Professor Ato Quayson

 

Ato Quayson is The Jean G. and Morris M. Doyle Professor of Interdisciplinary Studies at Stanford University, where he has been since 2019.    Prior to that he taught at the University of Cambridge, the University of Toronto, and at NYU and held research fellowships at Oxford, Harvard, and Australian National University, among various others.  He is an alumnus of the University of Ghana where he took a First Class (Hons) in English and Arabic before proceeding to the University of Cambridge to complete his doctorate. He has published 6 monographs and 9 edited collections and is an elected Fellow of the Ghana Academy of Arts and Sciences, the Royal Society of Canada, and of the British Academy.  He is an immediate Past President of the African Studies Association (ASA) and is also general editor of the Cambridge Journal of Postcolonial Literary Inquiry. He curates Critic. Reading. Writing on YouTube.  His most recent book is Tragedy and Postcolonial Literature (Cambridge University Press, 2021).

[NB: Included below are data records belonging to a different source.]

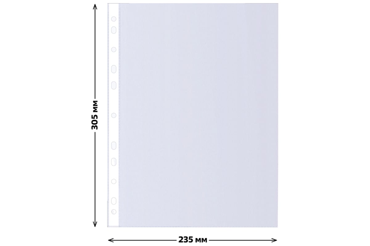 Папка вмещает до 50 листов. Перфорация на боковой части позволяет разместить изделие в папке с любым кольцевым механизмом или скоросшивателе. В упаковке 100 штук.
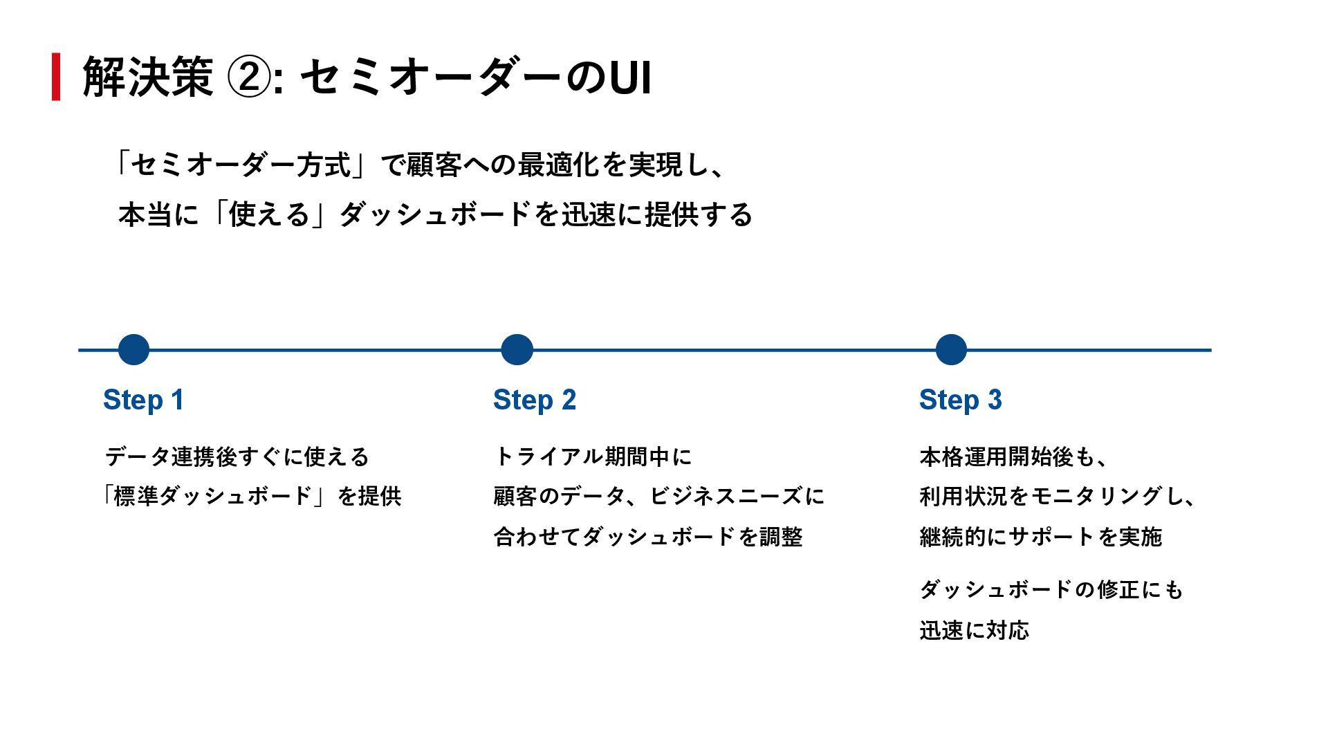 Insights」を発展させ、 ダッシュボードでの分析体験をベースにしつつ、 ダッシュボードにとどまらず、AI自体が自律的に分析・ 示唆出しを実施 = AI on BI から AI with BI への進化 伴走型の導入支援 解決策 ②「セミオーダー方式」の実現のための • ビジネス・開発が一体となったサポート体制 • 段階的な導入プロセス • 継続的な改善の仕組み
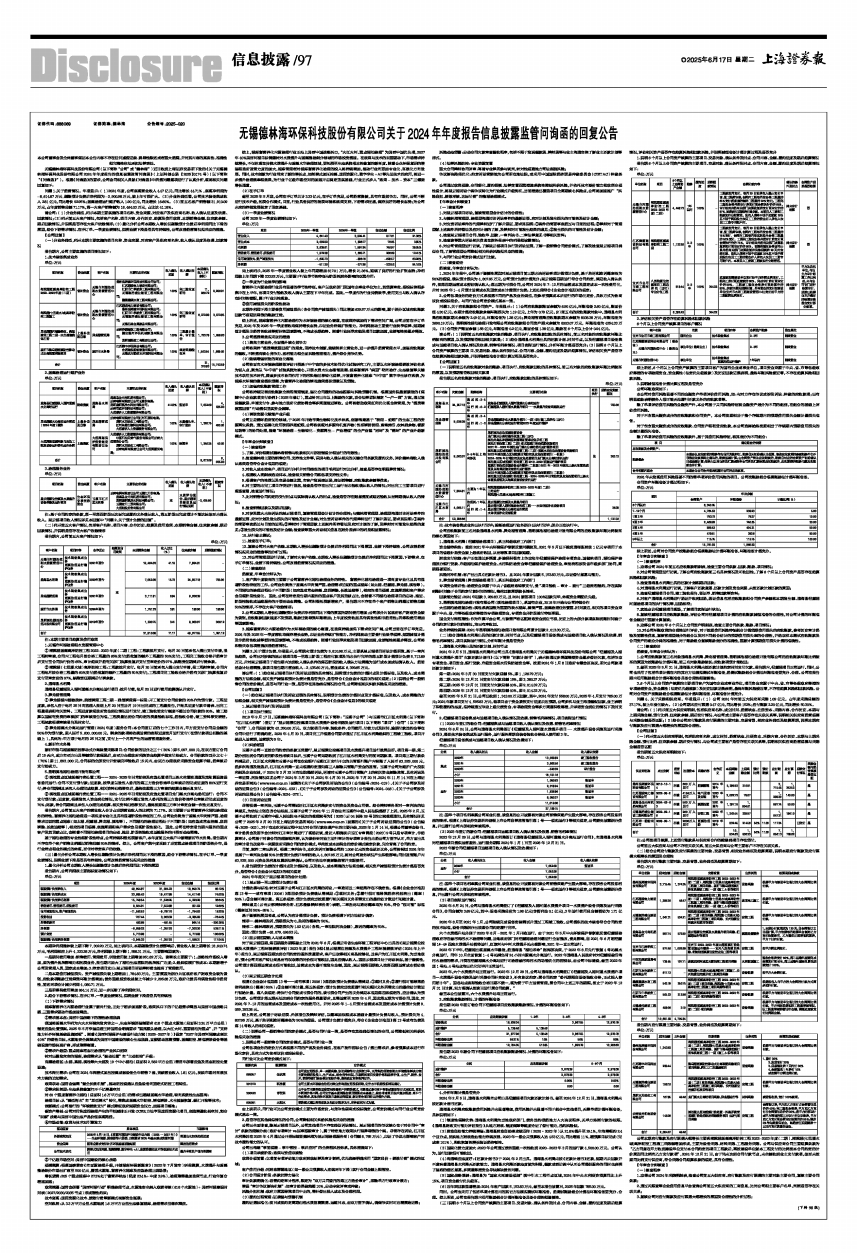 无锡德林海环保科技股份有限公司(以下简称“公司”或“德林海”)近日收到上海证券交易所下发的《关于无锡德林海环保科技股份有限公司2024 年年度报告的信息披露监管问询函》(上证科创公函【2025】0174号)(以下简称“《问询函》”)。根据《问询函》的要求,公司会同相关人员就《问询函》中所提问题逐项进行了认真分析,现将相关问题回复如下:
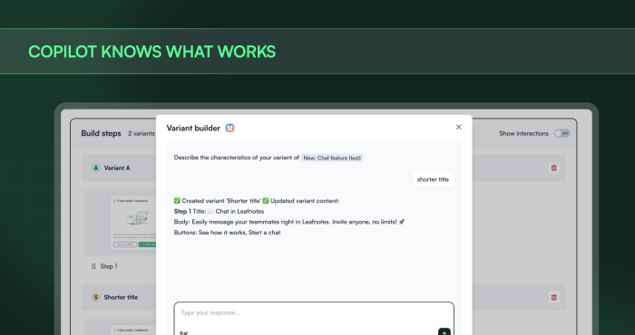 Copilot builds variants trained on what actually performs. Companies view surfaces account data you can use. Demo events trigger contextual in-apps. And when you're stuck, Copilot diagnoses your setup and unblocks you.

He is incoming Chair of the Department of English at Stanford University starting September of 2021.

 

Abstract

Trotro Multilingualism: Orality and Polysemy in Accra’s Urban Context

 

 The approach to city streets that appeals to me the most is the one that holds that they can be interpreted as archives of social imaginaries.  In the case of Accra this implies in part a focus on vehicle slogans, sign writings, and various other expressions written, sprayed, or simply scrawled on various surfaces.  A sample of these I have gathered over the years: “Fear Woman and Take Snake”; “It Pains You, Why?”; “You Too Can Try,”; “Shoes are Repairing Here”; “Sentino”.  My interest, however, is not simply to generate a typology of such slogans but to try and eke out a model for understanding features of their expressiveness within a multilingual context.  My main thesis will be that there is always a jostling for linguistic dominance across multilingual sites of expression, and that they thus give us a lively sense of  what I will elaborate drawing from the philosophers Deleuze and Guattari as “deterritorialization,” namely, the ways in which minority languages interrupt and surreptitiously emplace their own subversive meanings inside of the dominant languages with which they are obliged to interact.  The original elaboration of the two philosophers’ concept had to do with the literature written by minority writers inside of some of Europe’s major languages (for example, the Jewish Kafka in German and the Irish Joyce in English).  But the concept requires some radical qualifications, given that the philosophers were narrowly European in all their examples. The other keywords in my lecture will be those of orality and polysemy, both of which I will be exploring from the perspective of studies of African literature, music, dance, and popular culture.  In this way I hope to provide a fresh way of thinking of Accra’s urban context from a humanistic perspective.  The talk will be drawing on the award-winning Oxford Street Accra: City Life and the Itineraries of Transnationalism (Duke University Press, 2014).